_What you should do_. Exactly as written, transcribe the data that follows.

**** Records for the exercise

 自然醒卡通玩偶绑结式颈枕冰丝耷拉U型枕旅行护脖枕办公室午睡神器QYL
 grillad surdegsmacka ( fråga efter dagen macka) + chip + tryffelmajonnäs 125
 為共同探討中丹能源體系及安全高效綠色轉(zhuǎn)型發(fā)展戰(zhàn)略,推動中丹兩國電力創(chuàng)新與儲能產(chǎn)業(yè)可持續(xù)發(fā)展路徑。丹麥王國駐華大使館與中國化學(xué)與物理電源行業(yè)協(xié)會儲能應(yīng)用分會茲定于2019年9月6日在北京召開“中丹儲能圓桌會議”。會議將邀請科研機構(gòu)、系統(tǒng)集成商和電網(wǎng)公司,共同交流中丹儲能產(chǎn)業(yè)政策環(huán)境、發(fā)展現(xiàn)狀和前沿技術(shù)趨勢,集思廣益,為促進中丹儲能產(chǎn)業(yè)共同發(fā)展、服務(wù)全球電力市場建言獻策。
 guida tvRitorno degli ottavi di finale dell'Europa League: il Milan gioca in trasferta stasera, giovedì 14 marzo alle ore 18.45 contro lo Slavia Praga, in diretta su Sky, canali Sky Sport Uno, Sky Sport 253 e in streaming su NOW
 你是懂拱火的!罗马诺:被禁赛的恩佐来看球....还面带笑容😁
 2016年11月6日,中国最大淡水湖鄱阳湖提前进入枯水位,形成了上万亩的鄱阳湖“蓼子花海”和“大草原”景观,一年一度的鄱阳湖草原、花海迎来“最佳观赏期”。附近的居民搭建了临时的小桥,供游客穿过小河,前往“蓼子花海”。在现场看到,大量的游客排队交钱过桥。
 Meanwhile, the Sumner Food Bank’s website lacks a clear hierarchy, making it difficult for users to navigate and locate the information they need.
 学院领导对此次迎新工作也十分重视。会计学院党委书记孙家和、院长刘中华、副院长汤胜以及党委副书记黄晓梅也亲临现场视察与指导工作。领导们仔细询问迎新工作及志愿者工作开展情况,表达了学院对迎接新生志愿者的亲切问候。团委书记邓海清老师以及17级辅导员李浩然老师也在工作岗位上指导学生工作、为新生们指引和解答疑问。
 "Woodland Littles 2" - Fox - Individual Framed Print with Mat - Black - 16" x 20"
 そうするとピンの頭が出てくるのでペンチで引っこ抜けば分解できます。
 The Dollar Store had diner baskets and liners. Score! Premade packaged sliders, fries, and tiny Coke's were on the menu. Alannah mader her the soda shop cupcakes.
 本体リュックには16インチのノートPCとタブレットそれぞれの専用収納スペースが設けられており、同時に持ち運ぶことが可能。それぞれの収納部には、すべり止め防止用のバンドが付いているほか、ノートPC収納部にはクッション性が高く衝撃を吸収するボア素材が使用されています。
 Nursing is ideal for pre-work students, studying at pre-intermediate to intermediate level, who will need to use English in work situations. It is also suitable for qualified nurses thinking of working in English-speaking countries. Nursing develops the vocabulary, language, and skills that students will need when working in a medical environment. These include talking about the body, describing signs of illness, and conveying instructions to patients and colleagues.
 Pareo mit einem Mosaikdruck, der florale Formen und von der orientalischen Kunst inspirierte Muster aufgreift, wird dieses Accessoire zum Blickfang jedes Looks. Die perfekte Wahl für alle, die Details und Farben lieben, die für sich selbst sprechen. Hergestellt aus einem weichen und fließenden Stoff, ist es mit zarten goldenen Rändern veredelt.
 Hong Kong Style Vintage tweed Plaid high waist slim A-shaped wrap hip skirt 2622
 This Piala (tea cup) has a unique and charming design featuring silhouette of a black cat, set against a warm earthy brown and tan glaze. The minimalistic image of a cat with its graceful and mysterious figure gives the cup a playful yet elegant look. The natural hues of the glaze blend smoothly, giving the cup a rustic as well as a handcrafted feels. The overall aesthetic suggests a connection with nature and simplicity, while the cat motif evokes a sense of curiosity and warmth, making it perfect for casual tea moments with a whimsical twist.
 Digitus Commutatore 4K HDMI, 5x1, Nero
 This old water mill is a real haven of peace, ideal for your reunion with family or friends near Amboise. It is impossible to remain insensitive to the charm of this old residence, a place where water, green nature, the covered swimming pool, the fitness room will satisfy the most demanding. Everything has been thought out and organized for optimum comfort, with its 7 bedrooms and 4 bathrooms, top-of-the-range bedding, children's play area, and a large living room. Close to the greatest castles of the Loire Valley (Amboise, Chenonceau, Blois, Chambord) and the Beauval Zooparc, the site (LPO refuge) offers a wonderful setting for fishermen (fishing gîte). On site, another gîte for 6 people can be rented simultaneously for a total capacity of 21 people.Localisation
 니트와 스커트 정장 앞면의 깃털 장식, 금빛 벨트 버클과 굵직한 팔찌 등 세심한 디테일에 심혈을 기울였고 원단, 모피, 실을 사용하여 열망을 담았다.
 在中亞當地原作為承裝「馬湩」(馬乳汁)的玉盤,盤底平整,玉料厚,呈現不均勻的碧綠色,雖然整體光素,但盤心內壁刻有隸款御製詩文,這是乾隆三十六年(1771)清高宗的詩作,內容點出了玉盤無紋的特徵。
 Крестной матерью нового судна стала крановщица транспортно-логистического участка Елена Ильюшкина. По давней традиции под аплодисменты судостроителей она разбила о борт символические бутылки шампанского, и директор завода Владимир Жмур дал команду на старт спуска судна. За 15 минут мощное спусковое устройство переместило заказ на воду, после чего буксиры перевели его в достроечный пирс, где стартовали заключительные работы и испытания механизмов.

********

_Exercise solution_.
 自然醒卡通玩偶绑结式颈枕冰丝耷拉U型枕旅行护脖枕办公室午睡神器QYL
 grillad surdegsmacka ( fråga efter dagen macka) + chip + tryffelmajonnäs 125
 為共同探討中丹能源體系及安全高效綠色轉(zhuǎn)型發(fā)展戰(zhàn)略,推動中丹兩國電力創(chuàng)新與儲能產(chǎn)業(yè)可持續(xù)發(fā)展路徑。丹麥王國駐華大使館與中國化學(xué)與物理電源行業(yè)協(xié)會儲能應(yīng)用分會茲定于2019年9月6日在北京召開“中丹儲能圓桌會議”。會議將邀請科研機構(gòu)、系統(tǒng)集成商和電網(wǎng)公司,共同交流中丹儲能產(chǎn)業(yè)政策環(huán)境、發(fā)展現(xiàn)狀和前沿技術(shù)趨勢,集思廣益,為促進中丹儲能產(chǎn)業(yè)共同發(fā)展、服務(wù)全球電力市場建言獻策。
 guida tvRitorno degli ottavi di finale dell'Europa League: il Milan gioca in trasferta stasera, giovedì 14 marzo alle ore 18.45 contro lo Slavia Praga, in diretta su Sky, canali Sky Sport Uno, Sky Sport 253 e in streaming su NOW
 你是懂拱火的!罗马诺:被禁赛的恩佐来看球....还面带笑容😁
 2016年11月6日,中国最大淡水湖鄱阳湖提前进入枯水位,形成了上万亩的鄱阳湖“蓼子花海”和“大草原”景观,一年一度的鄱阳湖草原、花海迎来“最佳观赏期”。附近的居民搭建了临时的小桥,供游客穿过小河,前往“蓼子花海”。在现场看到,大量的游客排队交钱过桥。
 Meanwhile, the Sumner Food Bank’s website lacks a clear hierarchy, making it difficult for users to navigate and locate the information they need.
 学院领导对此次迎新工作也十分重视。会计学院党委书记孙家和、院长刘中华、副院长汤胜以及党委副书记黄晓梅也亲临现场视察与指导工作。领导们仔细询问迎新工作及志愿者工作开展情况,表达了学院对迎接新生志愿者的亲切问候。团委书记邓海清老师以及17级辅导员李浩然老师也在工作岗位上指导学生工作、为新生们指引和解答疑问。
 "Woodland Littles 2" - Fox - Individual Framed Print with Mat - Black - 16" x 20"
 そうするとピンの頭が出てくるのでペンチで引っこ抜けば分解できます。
 The Dollar Store had diner baskets and liners. Score! Premade packaged sliders, fries, and tiny Coke's were on the menu. Alannah mader her the soda shop cupcakes.
 本体リュックには16インチのノートPCとタブレットそれぞれの専用収納スペースが設けられており、同時に持ち運ぶことが可能。それぞれの収納部には、すべり止め防止用のバンドが付いているほか、ノートPC収納部にはクッション性が高く衝撃を吸収するボア素材が使用されています。
 Nursing is ideal for pre-work students, studying at pre-intermediate to intermediate level, who will need to use English in work situations. It is also suitable for qualified nurses thinking of working in English-speaking countries. Nursing develops the vocabulary, language, and skills that students will need when working in a medical environment. These include talking about the body, describing signs of illness, and conveying instructions to patients and colleagues.
 Pareo mit einem Mosaikdruck, der florale Formen und von der orientalischen Kunst inspirierte Muster aufgreift, wird dieses Accessoire zum Blickfang jedes Looks. Die perfekte Wahl für alle, die Details und Farben lieben, die für sich selbst sprechen. Hergestellt aus einem weichen und fließenden Stoff, ist es mit zarten goldenen Rändern veredelt.
 Hong Kong Style Vintage tweed Plaid high waist slim A-shaped wrap hip skirt 2622
 This Piala (tea cup) has a unique and charming design featuring silhouette of a black cat, set against a warm earthy brown and tan glaze. The minimalistic image of a cat with its graceful and mysterious figure gives the cup a playful yet elegant look. The natural hues of the glaze blend smoothly, giving the cup a rustic as well as a handcrafted feels. The overall aesthetic suggests a connection with nature and simplicity, while the cat motif evokes a sense of curiosity and warmth, making it perfect for casual tea moments with a whimsical twist.
 Digitus Commutatore 4K HDMI, 5x1, Nero
 This old water mill is a real haven of peace, ideal for your reunion with family or friends near Amboise. It is impossible to remain insensitive to the charm of this old residence, a place where water, green nature, the covered swimming pool, the fitness room will satisfy the most demanding. Everything has been thought out and organized for optimum comfort, with its 7 bedrooms and 4 bathrooms, top-of-the-range bedding, children's play area, and a large living room. Close to the greatest castles of the Loire Valley (Amboise, Chenonceau, Blois, Chambord) and the Beauval Zooparc, the site (LPO refuge) offers a wonderful setting for fishermen (fishing gîte). On site, another gîte for 6 people can be rented simultaneously for a total capacity of 21 people.Localisation
 니트와 스커트 정장 앞면의 깃털 장식, 금빛 벨트 버클과 굵직한 팔찌 등 세심한 디테일에 심혈을 기울였고 원단, 모피, 실을 사용하여 열망을 담았다.
 在中亞當地原作為承裝「馬湩」(馬乳汁)的玉盤,盤底平整,玉料厚,呈現不均勻的碧綠色,雖然整體光素,但盤心內壁刻有隸款御製詩文,這是乾隆三十六年(1771)清高宗的詩作,內容點出了玉盤無紋的特徵。
 Крестной матерью нового судна стала крановщица транспортно-логистического участка Елена Ильюшкина. По давней традиции под аплодисменты судостроителей она разбила о борт символические бутылки шампанского, и директор завода Владимир Жмур дал команду на старт спуска судна. За 15 минут мощное спусковое устройство переместило заказ на воду, после чего буксиры перевели его в достроечный пирс, где стартовали заключительные работы и испытания механизмов.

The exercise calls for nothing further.